Indicator<Input = (f64, f64), Output = f64>. Python: TreynorRatio(period, rf).batch(asset_returns, benchmark_returns) returns a 1-D np.ndarray with NaN warmup. Node: same shape; update(asset, benchmark) returns number | null.

Warmup

warmup_period() == period.

Edge cases

  • Flat benchmark. Variance zero; output 0.0.
  • Near-zero Beta. Output explodes — handle with care.
  • Negative Beta. Asset moves opposite to benchmark; Treynor can be negative for positive excess return (or positive for negative excess return).
  • Reset. Clears running sums.

Examples

Rust

rust
use wickra::{Indicator, TreynorRatio};

fn main() -> Result<(), Box<dyn std::error::Error>> {
    let mut tr = TreynorRatio::new(50, 0.0)?;
    for i in 0..100 {
        let bench = (f64::from(i) * 0.1).sin() * 0.01;
        let asset = bench * 1.2 + 0.001;
        let _ = tr.update((asset, bench));
    }
    Ok(())
}

Python

python
import numpy as np
import wickra as ta

n = 100
bench = np.sin(np.linspace(0, 10, n)) * 0.01
asset = bench * 1.2 + 0.001
tr = ta.TreynorRatio(50, 0.0)
print(tr.batch(asset, bench)[-1])

Node

javascript
const wickra = require('wickra');
const tr = new wickra.TreynorRatio(50, 0.0);
const bench = Array.from({ length: 100 }, (_, i) => Math.sin(i * 0.1) * 0.01);
const asset = bench.map(b => b * 1.2 + 0.001);
console.log(tr.batch(asset, bench));

Streaming

rust
use wickra::{Indicator, TreynorRatio};

let mut tr = TreynorRatio::new(252, 0.04 / 252.0).unwrap();
let return_stream: Vec<(f64, f64)> = Vec::new(); // your stream of periodic returns
for (asset, bench) in return_stream {
    if let Some(v) = tr.update((asset, bench)) {
        // v = annualised Treynor (if returns are daily)
    }
}

Interpretation

  • Excess return per Beta unit. Treynor > 0 = asset earned more than its market-risk-implied return.
  • For diversified portfolios. Treynor is appropriate when idiosyncratic risk is diversified — only systematic risk remains.
  • For single names. Use Sharpe instead — Treynor underweights unsystematic risk that matters for concentrated positions.

Common pitfalls

  • Low Beta amplifies.
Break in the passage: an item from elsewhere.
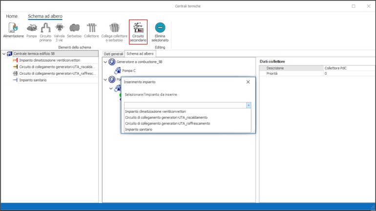 Nelle proprietà dell' elemento Circuito primario si potranno ulteriormente indicare la lunghezza complessiva del tratto di tubazione, il Tipo passaggio, il tipo di posa in opera e la zona di passaggio. Nel caso in cui invece si scelga di adottare un collettore, in fase di inserimento basta assegnare una Descrizione.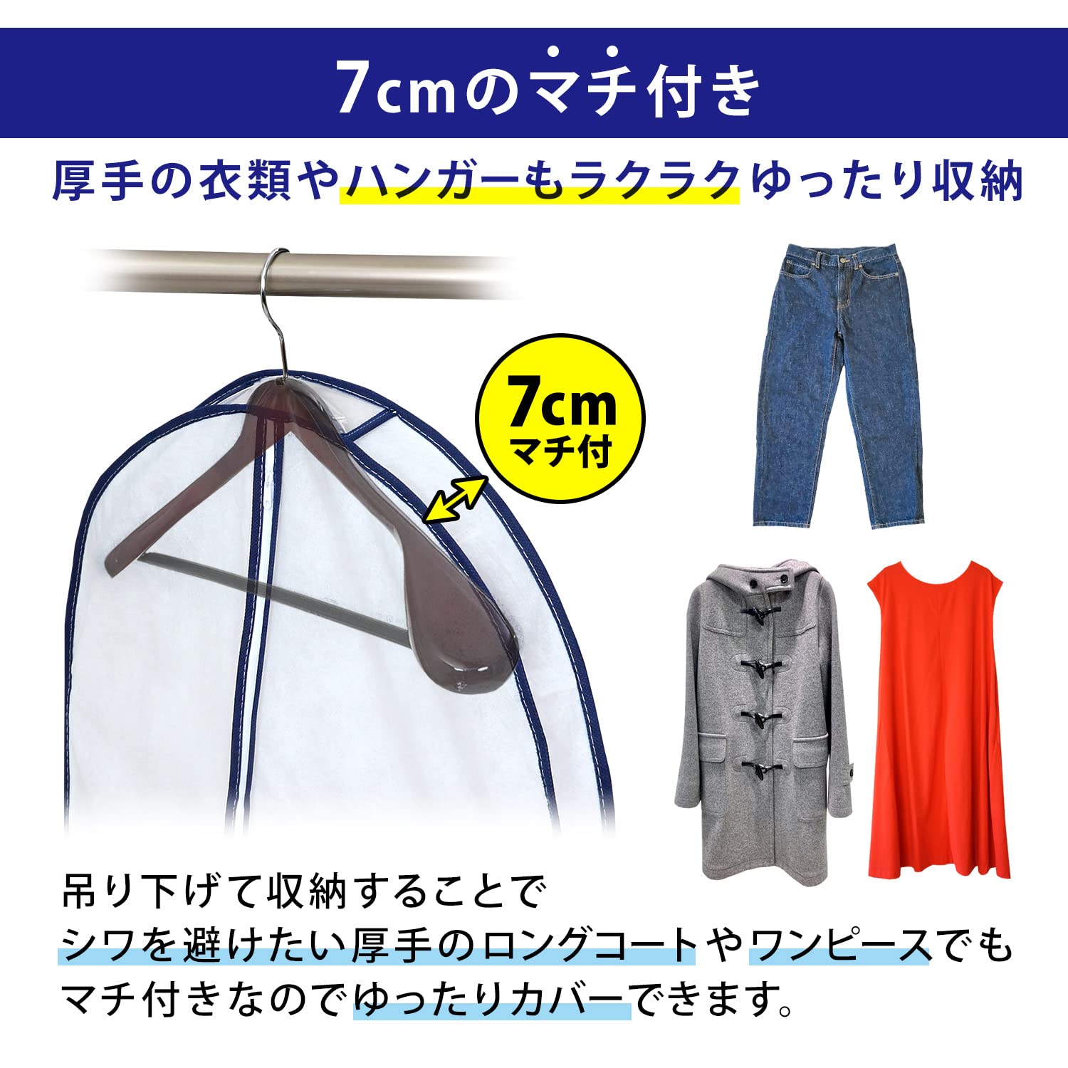 アストロ 衣類カバー マチ付きで厚手衣類対応 ロングサイズ 5枚組 吊り下げたまま使えるゆったりシワになりにくいマチ付き洋服カバー 通気性の良い不織布がホコリなどの汚れをガード 底閉じ仕様で舞い上がるホコリやダニなども防ぐ 防虫剤ポケット 透明窓 センターファスナー コートカバー 衣装カバー 吊り下げ収納 ホワイト 110-49。 商品名:マチ付ロング用カバー 5枚組 サイズ:約幅60×長さ140×マチ7cm カラー:ホワイト 内容:5枚 材質:ポリプロピレン・ポリエチレン 【特長】 シワをつけたくない大切な衣類を吊り下げたままホコリや汚れから守る衣類カバー。 マチ付きで厚手の衣類の収納もでき太いハンガーも通せる。 通気性に優れた不織布製。 不織布は通気性が良く湿気やにおいがこもりにくい収納に適した素材。 下部を縫って閉じているので全方位カバー。 舞い上がるホコリ(ハウスダスト)やダニなどもしっかりシャットアウト。 大きく開いて出し入れしやすいセンターファスナー。 ハンガーに掛けたまま衣類の出し入れができる。 中身の見える透明窓と防虫剤用ポケット付き。 透明の防虫剤用ポケットなので取り替えサインが一目で分かる。 ネームホルダーとして中の衣類のメモを入れてもOK。 ロングコートやワンピース、ドレス、礼服・喪服などの保管に。 【ASTRO CO., LTD】 1970年の創業以来、アストロは不織布(ふしょくふ)のパイオニアとして、 不織布製の収納用品や生活に役立つさまざまな生活雑貨を企画、開発、製造、販売しているメーカーです。 サプライチェーン管理を自社で行っており、臨機応変にお客さまのご要望に対応させていただきます。 アストロはこれからも皆さまの日々の暮らしに寄り添いながら、暮らしをもっと豊かに、楽しく便利にする商品を作り続けます。 【商品仕様】:サイズ/約幅60×長さ140×マチ7cm、カラー/ホワイト、内容/5枚、材質/ポリプロピレン・ポリエチレン。 【マチ付きでゆったり・シワになりにくい】:シワをつけたくない大切な衣類を吊り下げたままホコリや汚れから守る衣類カバー。 マチ付きで厚手の衣類の収納もでき太いハンガーも通せる。 【通気性が良く収納に適している不織布製】:通気性に優れた不織布製。 不織布は通気性が良く湿気やにおいがこもりにくい収納に適した素材。 【下部(底)閉じ仕様なので全方位をカバー】:下部を縫って閉じているので全方位カバー。 舞い上がるホコリ(ハウスダスト)やダニなどもしっかりシャットアウト。 【センターファスナー・透明窓・防虫剤入れ】:大きく開いて出し入れしやすいセンターファスナー。 ハンガーに掛けたまま衣類の出し入れができる。 中身の見える透明窓と防虫剤用ポケット付き。 透明の防虫剤用ポケットなので取り替えサインが一目で分かる。 ネームホルダーとして中の衣類のメモを入れてもOK。 S000-K1007

Treynor ratios for low-beta assets swing wildly. Use carefully near Beta = 0.
  • Benchmark choice. Treynor depends on which benchmark you pair against. Comparing Treynors against different benchmarks is meaningless.

References

  • Jack L. Treynor, How to Rate Management of Investment Funds, Harvard Business Review, 1965 — original Treynor Ratio.